Cilantro - also known as coriander leaves.  It has cholesterol  and blood sugar lowering properties.  It has high phytonutrient content and is also beneficial in helping the body get rid of toxins. Detox supplements usually has cilantro as one of its ingredients. 

 

Ginger & Turmeric Spiced Cauliflower and Sweet Potato Soup
Ingredients:

1 small cauliflower, cut into florets, approximately 3 cups
1 large sweet potato, peeled and cut into cubes, approximately 3 cups
3 stalks celery, chopped
2" ginger, peeled and grated
1 small red onions, minced
1/4 cup cilantro, chopped
2 Tbsp. coriander powder
2 tsp. turmeric
1/2 tsp. cumin
Himalayan or sea salt to taste
2 Tbsp. coconut oil
5 - 6 cups water or veggie stock or a combination of both

Method:
On a large pot and on medium heat, saute the ginger and onions with the coconut oil for 2 minutes.  Add the coriander powder, turmeric and cumin and stir until fragrant.  Pour in the water or stock and boil. then add all the vegetables.  Let it boil then simmer until they are tender, approximately 10-12 minutes.   Make sure they do not overcook.  Add the salt and adjust the taste. You can add more grated ginger or a pinch of cayenne for more heat.  Blend in batches in an upright blender until smooth.  Reheat if necessary.
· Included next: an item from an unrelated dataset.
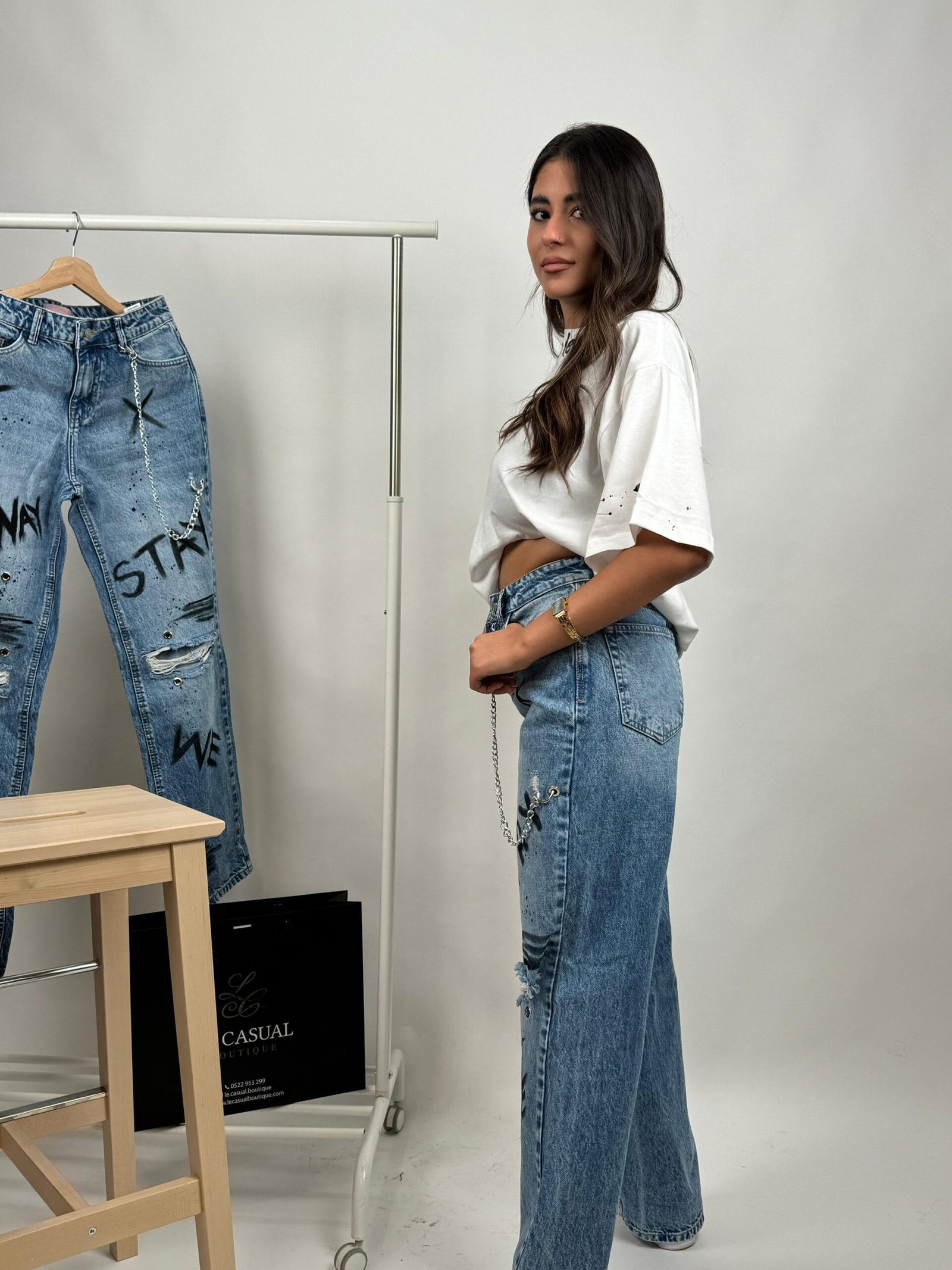 טי-שירט לבנה אוברסייז עם הדפס טקסט בצווארון וקרעים עדינים בשרוולים – בסיס מושלם לשילוב עם לוק אורבני, קליל ושיקי.

Serve with a few drops of cilantro oil.

Cilantro Oil (Optional)
1/2 cups cilantro
1/4 cup hemp or flaxseed oil
Pinch of salt

Blend until smooth.

I also have older posts for soups here and here which you may like.  For a short version of this current post, steam all the veggies  for 8-10 minutes  and use the water to blend the soup.  Add salt, herbs and all spices and blend until smooth.  Adjust the taste and serve.

 

I had a quiet "me-day" today as my hubby was at work and my son left yesterday for "Winterblast 2015."  He joined other teenagers at our Church for a fun-filled weekend up North.  They get to learn from God's Word and at the same time strengthen  their relationship with each other - without social media and electronic gadgets -  amidst the  beauty of this Season.  It's also a snow day in the city, one that is serene since it did not have that blizzard-type and windy characteristic like other days.  

I hope February is great for you so far.  I'm also writing about my "Plant-based Desserts" course at Matthew Keeney and will be posted mid-week in time for Valentines Day.  It has some chocolates in it!